WHAT THIS TASK INVOLVES:
What you return should be each line of the data containing the string "your".

INFORMATION PROVIDED:
****
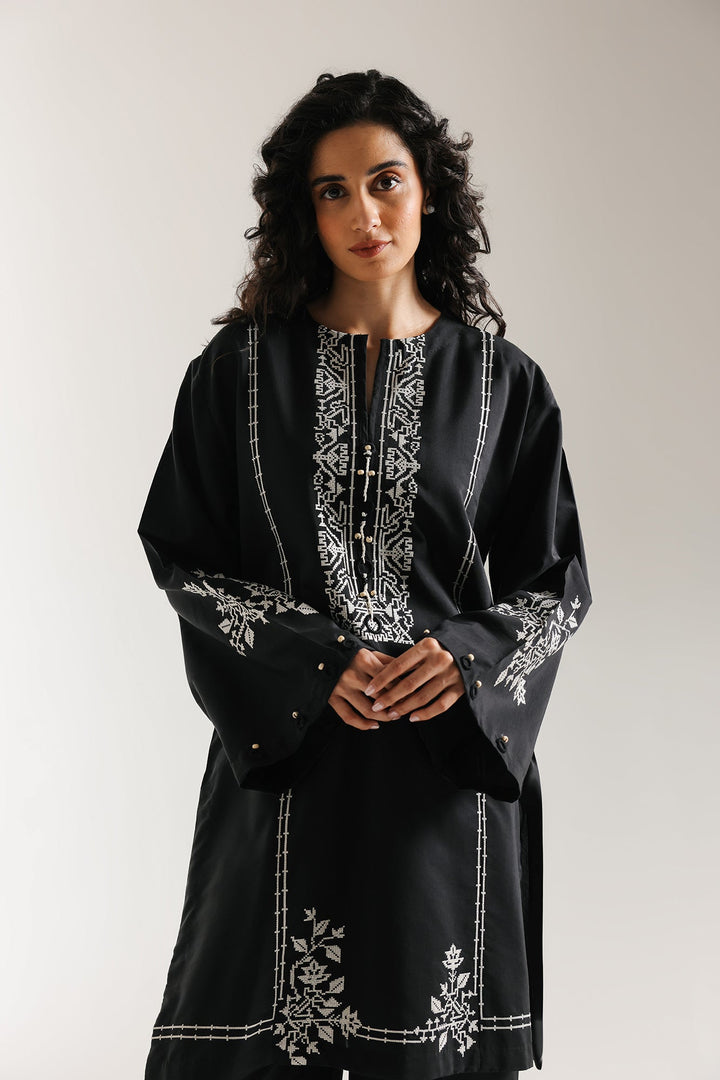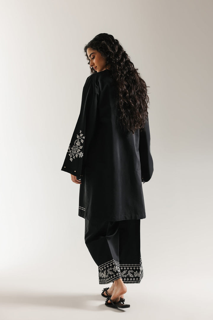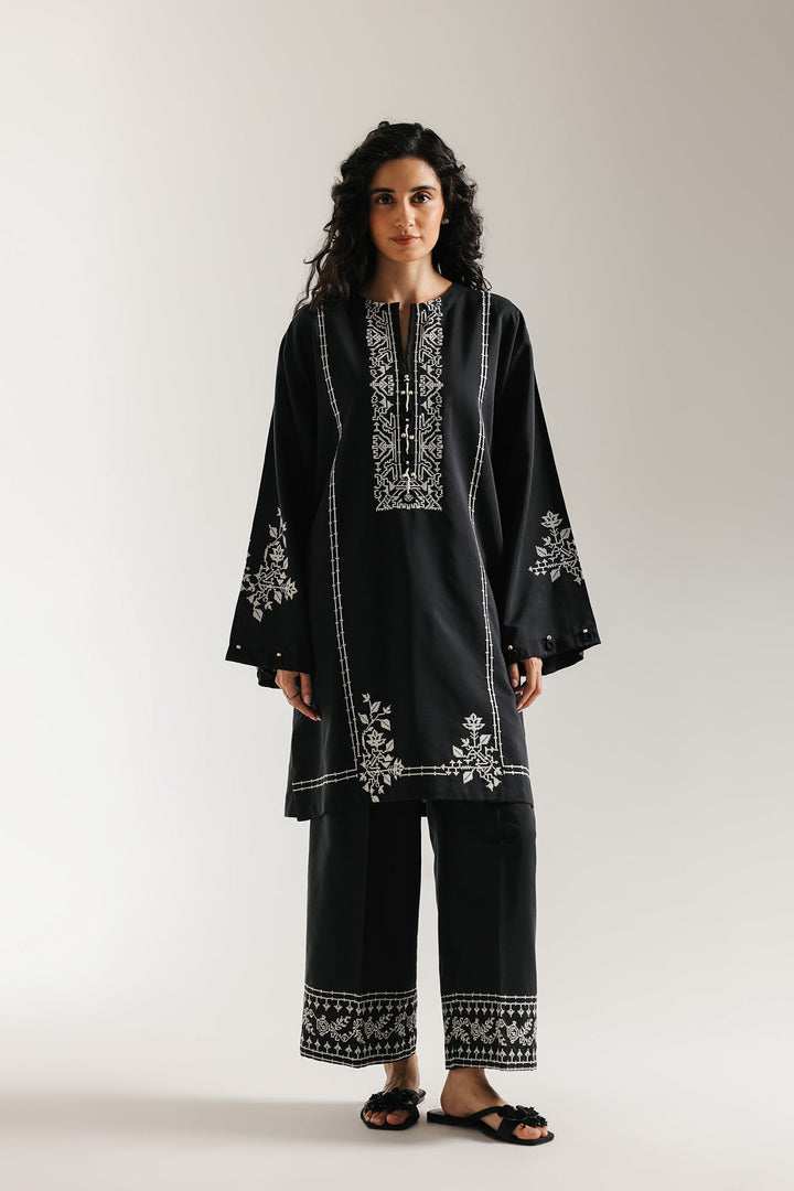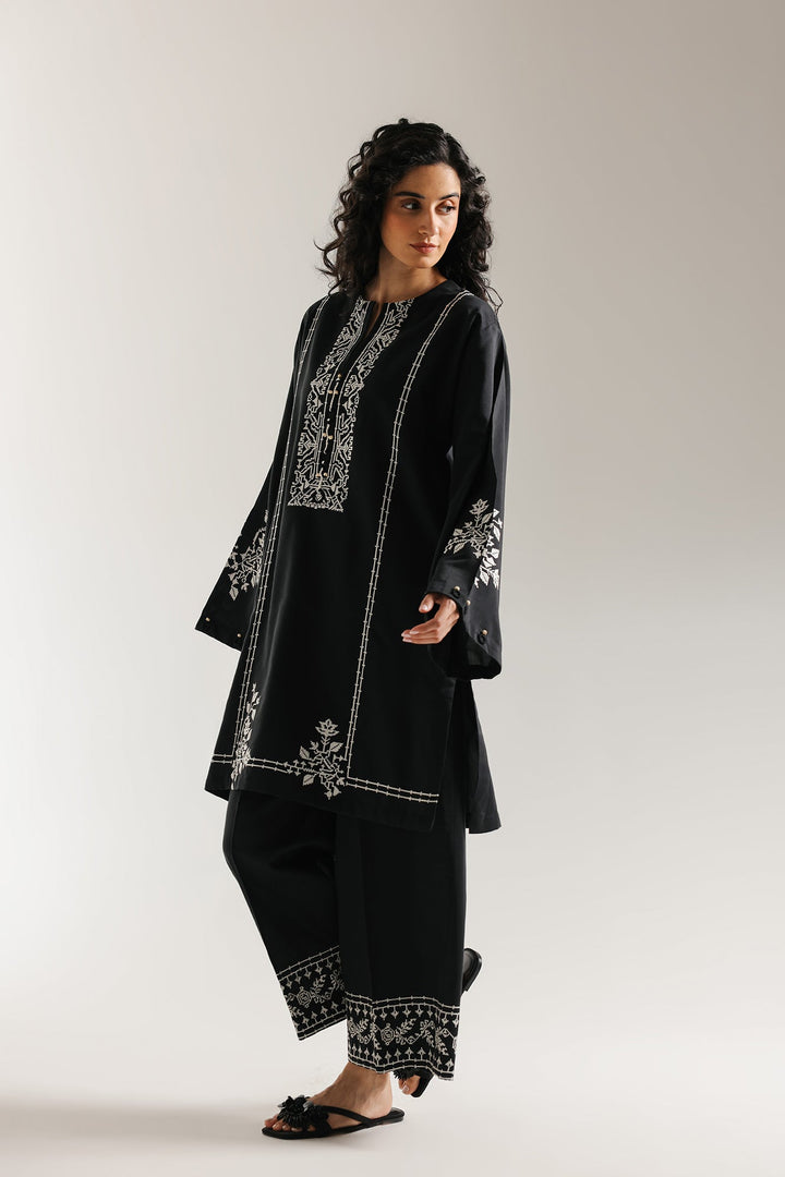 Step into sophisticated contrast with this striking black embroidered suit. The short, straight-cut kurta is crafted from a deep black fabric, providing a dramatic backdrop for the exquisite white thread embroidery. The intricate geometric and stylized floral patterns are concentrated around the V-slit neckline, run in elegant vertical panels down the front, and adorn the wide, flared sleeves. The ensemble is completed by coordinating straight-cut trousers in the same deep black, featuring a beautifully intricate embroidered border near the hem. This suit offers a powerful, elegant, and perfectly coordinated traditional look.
****
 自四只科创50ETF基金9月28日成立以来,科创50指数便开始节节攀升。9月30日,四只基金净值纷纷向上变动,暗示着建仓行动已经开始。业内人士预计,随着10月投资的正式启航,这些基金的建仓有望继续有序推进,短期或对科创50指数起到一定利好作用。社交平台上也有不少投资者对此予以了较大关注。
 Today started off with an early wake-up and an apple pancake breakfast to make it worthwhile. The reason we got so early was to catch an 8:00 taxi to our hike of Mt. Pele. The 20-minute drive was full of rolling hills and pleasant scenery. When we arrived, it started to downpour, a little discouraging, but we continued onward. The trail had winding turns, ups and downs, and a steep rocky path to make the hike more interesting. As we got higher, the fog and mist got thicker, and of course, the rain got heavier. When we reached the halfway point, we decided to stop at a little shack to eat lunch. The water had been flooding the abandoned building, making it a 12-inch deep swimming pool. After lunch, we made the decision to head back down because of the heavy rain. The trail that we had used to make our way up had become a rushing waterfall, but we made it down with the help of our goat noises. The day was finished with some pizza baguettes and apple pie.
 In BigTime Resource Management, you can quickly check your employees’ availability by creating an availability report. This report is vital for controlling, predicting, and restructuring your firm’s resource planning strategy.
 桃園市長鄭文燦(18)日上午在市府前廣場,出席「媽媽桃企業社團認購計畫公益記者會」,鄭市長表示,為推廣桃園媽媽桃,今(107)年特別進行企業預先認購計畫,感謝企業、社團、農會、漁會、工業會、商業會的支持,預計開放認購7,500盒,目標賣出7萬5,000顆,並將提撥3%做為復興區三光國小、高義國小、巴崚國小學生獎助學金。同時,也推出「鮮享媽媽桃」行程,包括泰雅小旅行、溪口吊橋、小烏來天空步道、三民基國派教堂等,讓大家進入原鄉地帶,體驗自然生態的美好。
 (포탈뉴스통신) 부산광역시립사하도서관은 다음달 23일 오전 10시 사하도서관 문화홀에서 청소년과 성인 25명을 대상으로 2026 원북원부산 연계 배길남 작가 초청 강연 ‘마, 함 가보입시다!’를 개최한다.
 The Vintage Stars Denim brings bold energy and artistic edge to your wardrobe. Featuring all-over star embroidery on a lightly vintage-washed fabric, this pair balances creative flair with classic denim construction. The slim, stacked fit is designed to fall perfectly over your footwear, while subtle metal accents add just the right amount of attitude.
****
SOLUTION:
 In BigTime Resource Management, you can quickly check your employees’ availability by creating an availability report. This report is vital for controlling, predicting, and restructuring your firm’s resource planning strategy.
 The Vintage Stars Denim brings bold energy and artistic edge to your wardrobe. Featuring all-over star embroidery on a lightly vintage-washed fabric, this pair balances creative flair with classic denim construction. The slim, stacked fit is designed to fall perfectly over your footwear, while subtle metal accents add just the right amount of attitude.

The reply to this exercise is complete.